Exile and global political significance
When he was exiled in 1963, Ben Barka became a "traveling salesman of the revolution" according to the historian Jean Lacouture. He left initially for Algiers, where he met Che Guevara, Amílcar Cabral and Malcolm X. From there, he went to Cairo, Rome, Geneva and Havana, trying to unite the revolutionary movements of the Third World for the Tricontinental Conference meeting that was to be held in January 1966 in Havana. In a press conference, he claimed "the two currents of the world revolution will be represented there: the current emerged with the October Revolution and that of the national liberation revolution".As the leader of the Tricontinental Conference, Ben Barka was a major figure in the Third World movement and supported revolutionary anti-colonial action in various states; this provoked the anger of the United States and France. Just before his disappearance, he was preparing the first meeting of the Tricontinental, scheduled to take place in Havana.

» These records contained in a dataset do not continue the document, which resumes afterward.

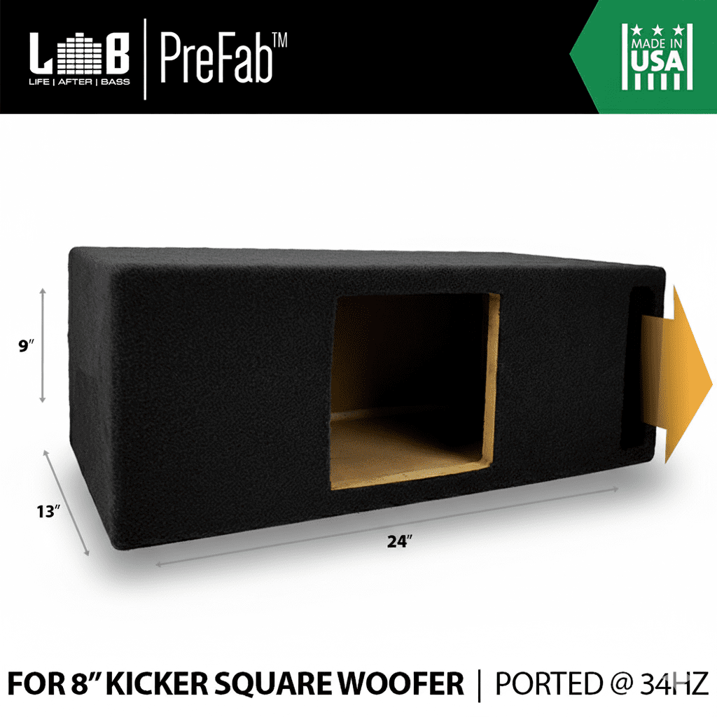 LAB PreFab™ 0.80 ft^3 Ported MDF Enclosure Box for Single 8" Kicker SoloBaric Square Subwoofer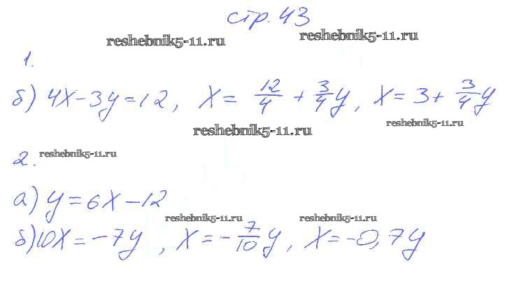 Готовая домашняя работа с ответами по Алгебре за 7 класс Ключникова, Комиссарова Рабочая тетрадь УМК Экзамен 2013 ФГОС - Страницы 43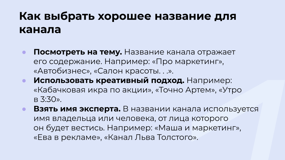 Шаг 3. Придумать название канала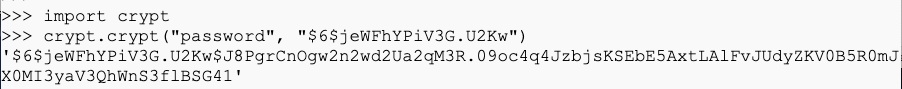 crypt.crypt("password", "$6$jeWFhYPiV3G.U2Kw")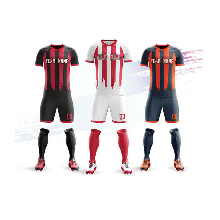 ชุดกีฬาชุดเล่นฟุตบอลของคุณพิมพ์ซับลิเมชันสำหรับผู้ผลิตเสื้อฟุตบอลแบบออกแบบได้ตามต้องการชุดเสื้อฟุตบอลแขนสั้น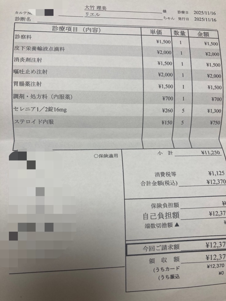 小腸の消化が短くなっているからとのこと、ガッツリ薬が効いてる証拠でもあるのですが脱水予防に栄養剤を入れてもらいました。来週の抗がん剤はこのままだとスキップかも。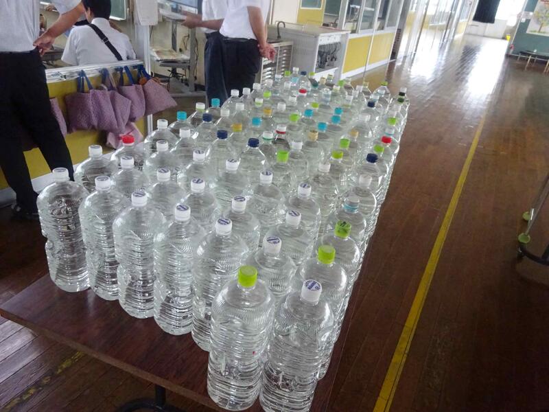 まず最初に、どんなことに水を使っているのかを出し合いました。お風呂、トイレ、洗濯などなど、たくさんのことに水を使っていることを確認しました。そのあと、水の入ったペットボトルを200本見ました(下の写真)。1日に使う量を目で見ることで「こんなに使っているんだ。」と実感できたようです。ペットボトルの収集にご協力いただいた皆様に感謝します。

The OSPAAAL was founded on that occasion.
Chairing the preparatory commission, he defined the objectives; assistance with the movements of liberation, support for Cuba during its subjection to the United States embargo, the liquidation of foreign military bases and apartheid in South Africa. For the historian René Galissot, "The underlying reason for the removal and assassination of Ben Barka is to be found in this revolutionary impetus of Tricontinentale."
Views
He supported various collective solidarity movements, including Maghrebi union, secular pan-Arabism, pan-Africanism, third-worldism, anti-imperialism, and the non-Aligned Movement. In the 1960s, he served the Organization of Solidarity with the People of Asia, Africa and Latin America, attended the All-African Peoples' Conference, and served as chairman of the preparatory committee for the Tricontinental Conference.On Berbers
Mehdi Ben Barka saw the "Berber problem" as a remnant of colonial cultural policy. Aboulkacem al-Khatir has written that Ben Barka once told a reporter, "Le Berbère est simplement un homme qui n'est pas allé a l'école ".Disappearance
On 29 October 1965, Mehdi Ben Barka was abducted in Paris by French policemen and never seen again.On 29 December 1975, Time magazine published an article titled "The Murder of Mehdi Ben Barka", stating that three Moroccan agents were responsible for the death of Ben Barka, one of them former interior minister Mohamed Oufkir. Speculation persists as to CIA involvement. French intelligence agents and the Israeli Mossad were also involved, according to the article. According to Tad Szulc, Israeli involvement was in the wake of the successful Moroccan-Israeli collaboration in the 1961–64 Operation Yachin; he claims that Meir Amit located Ben Barka, whereupon Mossad agents persuaded him to come to Paris where he was to be arrested by the French police.
Theories on the disappearance
French trial
In the 1960s Ben Barka's disappearance was enough of a scandale public that President De Gaulle, who ordered an investigation, formally declared that the French police and secret service had not been responsible. After trial in 1967, two French officers were sent to prison for their role in the kidnapping. However, the judge ruled that the main guilty party was Moroccan Interior Minister Mohamed Oufkir. Georges Figon, a freelance barbouze who had testified earlier that Oufkir stabbed Ben Barka to death, was later found dead, officially a suicide.Prefect of Police Maurice Papon, later convicted of crimes against humanity for his role under the Vichy regime, was forced to resign following Ben Barka's kidnapping.